In other words, if dogs and pigs are less intelligent than humans, and therefore less valuable, it would follow that severely disabled humans, who are less intelligent than dogs and pigs, should also be considered less valuable. One has to ask, though, why intelligence should be the crucial measure of value of any organism. Why not see humans as intrinsically valuable? Of course, if materialism (Singer is a materialist) is correct then we're just a collection of atoms and we have no intrinsic value, but then on this view any value we assign to our species as well as to other species is purely arbitrary and subjective.

Smith closes with these thoughts:
Invidious discrimination exists when equals -- e.g., all human beings -- are denigrated as unequal based on some category that the bigot believes reduces the status of the discriminated-against human, e.g., racism, sexism, and Singer-style discrimination against people with cognitive or developmental disabilities.

But human beings and animals do not inhabit the same moral realm. It is not wrong ... to view and treat us differently than we do them.

Moreover, the very concept of "speciesism" ... is inherently and invidiously anti-human because it reduces us to so many carbon molecules with no inherent value beyond our cognitive capabilities at the moment of measurement. To repeat myself, the idea of speciesism, like utilitarianism, makes universal human rights impossible to sustain intellectually.

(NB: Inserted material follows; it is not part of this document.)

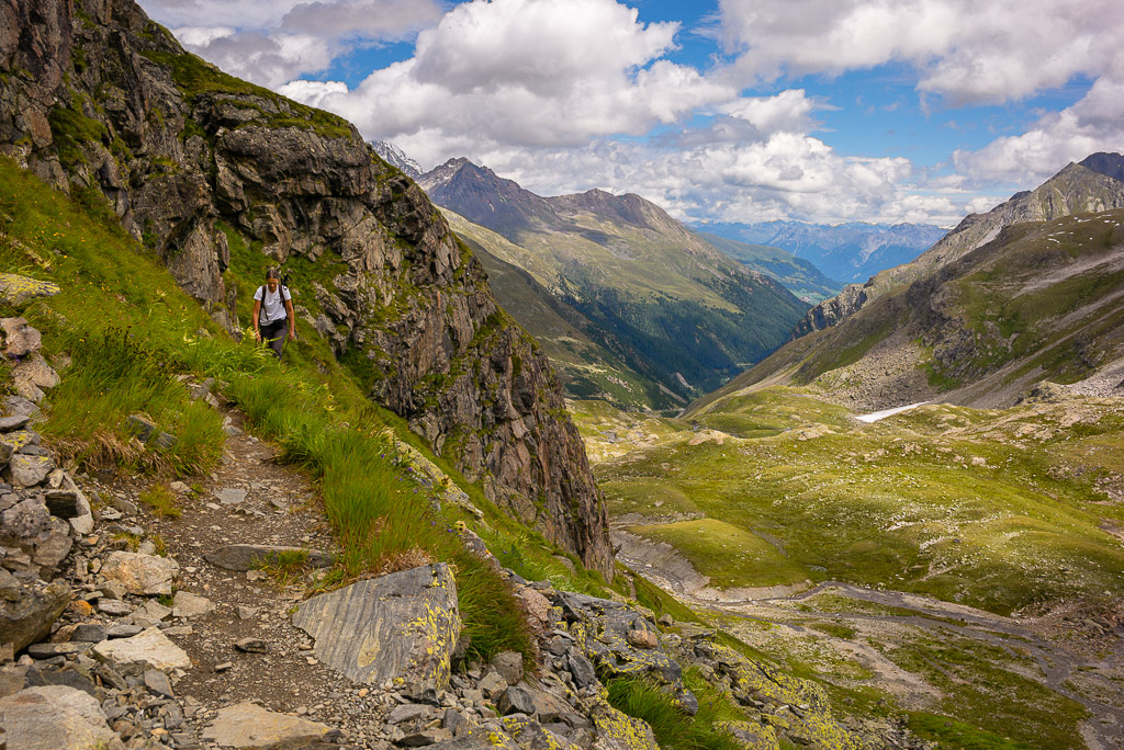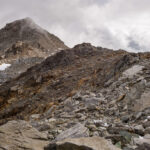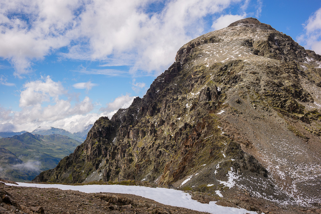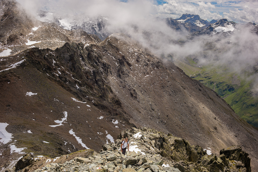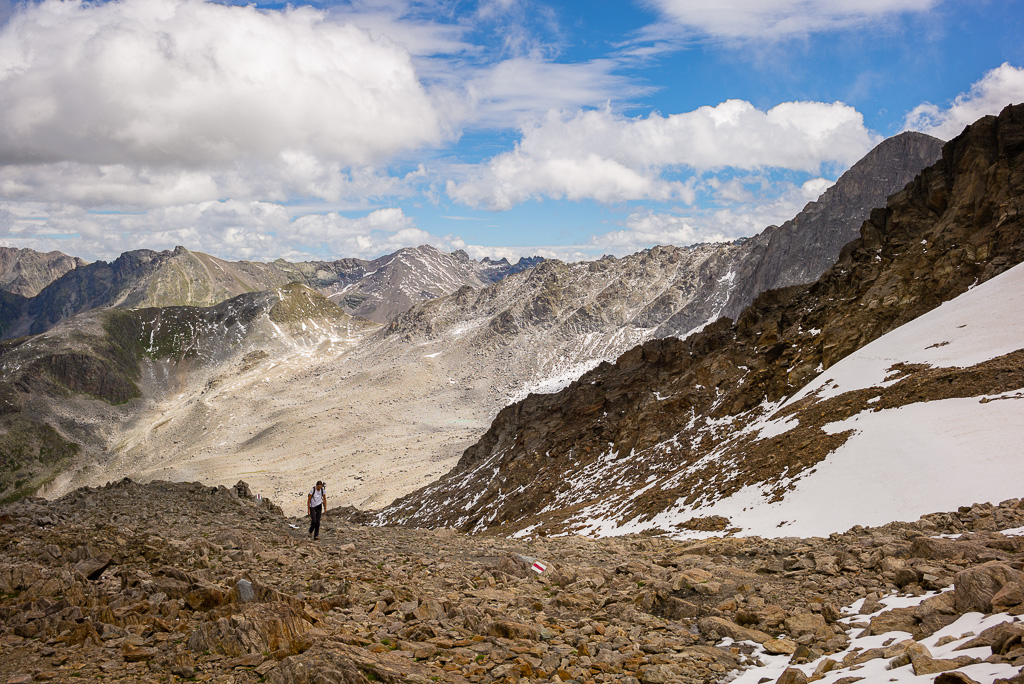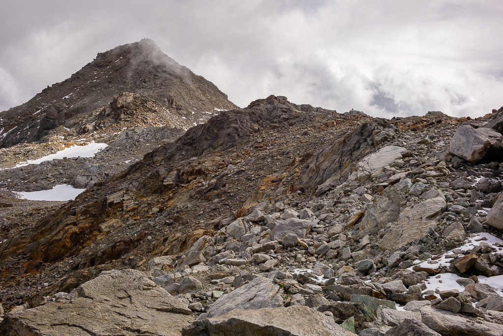 Von hier wendet sich der Weg nach Norden und führt in Kehren angenehm und stetig höher auf dem breiten, mit Schutt und Blockgeröll bedeckten Südgrat des Schwarzhorns zum Gipfelkreuz auf 3.146m.

Assuming such utilitarian values would destroy the principles of Western civilization. And never mind the real capacities of many people with Down [syndrome], whom Singer mischaracterizes, or their extraordinary loving natures -- which I have yet to see Singer opine much about. To Singer, intellect trumps all.

That's bigotry any way you look at it, no different from racism, except that his victims are less able to defend themselves.

I have always found it odd that Singer faces little of the opprobrium society metes out to other bigots. Indeed, he was brought to Princeton from Australia and given one of the world's most prestigious chairs in bioethics precisely because of these attitudes.